10/30/2013 04:38 EDT | Updated 01/23/2014 06:58 EST
TORONTO - Security issues are big for CBC bosses preparing for the Sochi 2014 Olympic Winter Games.

While the network's broadcast plans are set, programming chief Trevor Pilling said he frets about unforeseen threats and is putting "a great deal of faith" in local organizers.

"We're in the business of planning and preparing and planning for the unknown and in terms of things that concern me — coverage, competition, those don't concern me. It's what may happen outside of the Olympic fence," said Pilling.

"If there's anyone who tries to disrupt the Games, (we're) wanting to make sure that our people are safe, make sure that we're in a position to cover those stories properly. But really, because I feel very confident in our plan and all the work that our people have done, we're in a really good position to cover these Games."

The comments came as the public broadcaster announced its broadcast team at a staged event at CBC headquarters in front of hundreds of staff, reporters and members of the public.

Daily coverage will begin with Diana Swain of "The National" and "Hockey Night in Canada"'s David Amber from 6 a.m. to 10 a.m ET. Veteran sports anchor Scott Russell takes over from 10 a.m. to 3 p.m.

"Hockey Night in Canada" host Ron MacLean leads primetime coverage from 7 p.m. to 11 p.m. across Canada outside of Alberta (6 p.m. to 10 p.m.) and British Columbia (5 p.m. to 9 p.m.) while Andi Petrillo from "Hockey Night in Canada" teams with CBC News Montreal's Andrew Chang to host the overnight show from midnight to 6 a.m. ET (9 p.m. to 3 a.m. PT).

Play-by-play analysis will come from several former Olympians, including two-time Olympic medallist Jennifer Heil, who will offer her insights on freestyle mogul events, figure skater Kurt Browning as a figure skating commentator and 1992 Olympic downhill champion Kerrin Lee-Gartner as an alpine events expert.

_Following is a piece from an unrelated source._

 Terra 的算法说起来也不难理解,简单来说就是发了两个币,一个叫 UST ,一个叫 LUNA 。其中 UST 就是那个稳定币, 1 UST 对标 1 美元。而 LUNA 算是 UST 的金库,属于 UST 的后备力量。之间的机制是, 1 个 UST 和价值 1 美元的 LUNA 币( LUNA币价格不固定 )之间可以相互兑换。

Other CBC personalities heading to Sochi include Peter Mansbridge with his flagship evening newscast "The National," Jian Ghomeshi with his CBC Radio show "Q" and "Hockey Night in Canada" commentator Don Cherry who will bring his "Coach's Corner" segment to men's ice hockey.

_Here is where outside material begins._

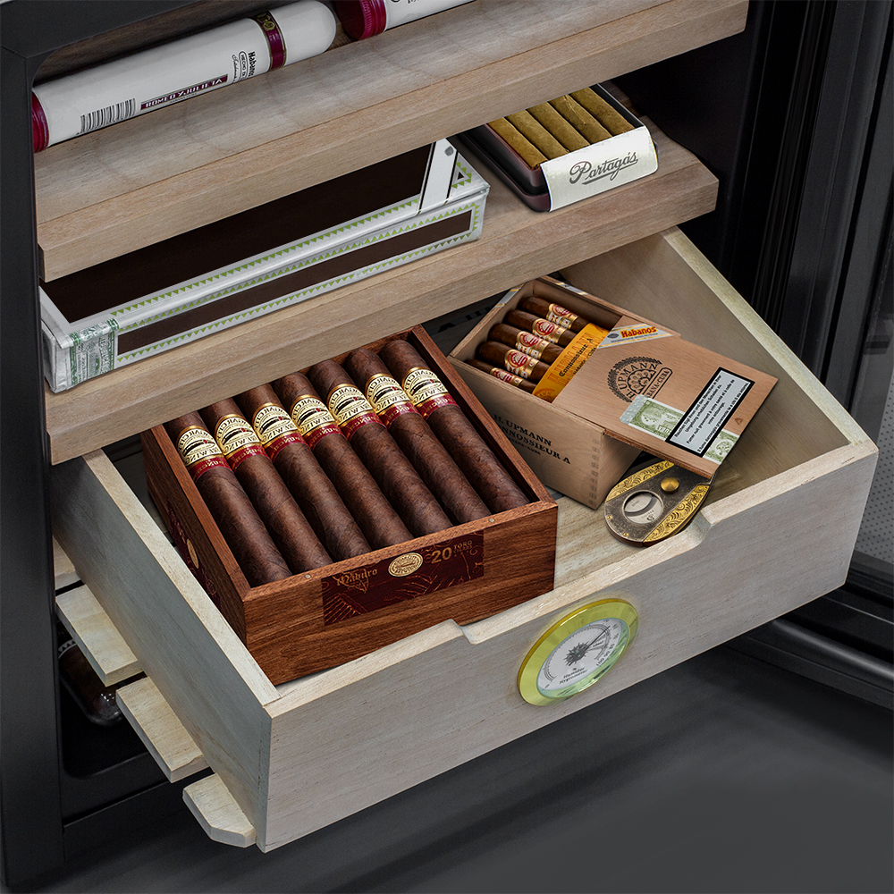 Компактный размеры делают возможной установку, практически в любом желаемом Вами месте. При небольших размера объём составляет 33 литра и позволяет хранить большую коллекцию сигар. В комплекте идут 2 полки и выдвижной ящик, которые можно располагать на разных уровнях. Полки и ящик изготовлены из дерева испанского кедра - отлично подходят для поддержания оптимального уровня влажности и не портятся во время эксплуатации. Дверца с двойным стеклом имеет защиту от УФ лучей и не пропускает излишнего излучения.

Mansbridge and MacLean will co-host the opening ceremony on Feb. 7 from Fisht Olympic Stadium in Sochi.

Broadcast partners TSN, TSN2, TSN Radio, Sportsnet and Sportsnet One round out the coverage. Programming details will be made available closer to the start of the Sochi Games, which will introduce 12 new events.

The newly redesigned website cbc.ca/olympics officially launched Wednesday, offering news, notes, results and analysis from pre-Olympic competitions around the world.

CBC said that during the Games, the site will offer live streaming, adding to comprehensive coverage that includes radio, tablets and mobile devices.

While in Russia, Pilling said CBC is putting "a great deal of faith" in the local organizing committee to protect visiting broadcasters.

"Beyond that really it's just: What can we do that's proper smart planning? If cellphones were to go out what are the steps you would take to get everyone connected and co-ordinated and rallied?" he said.

"And those are the same types of steps quite frankly we put into place around Beijing and Torino, it's just amped up perhaps a little bit (more) than in the past."

The Sochi 2014 Olympic Winter Games kick off Feb. 7, 2014.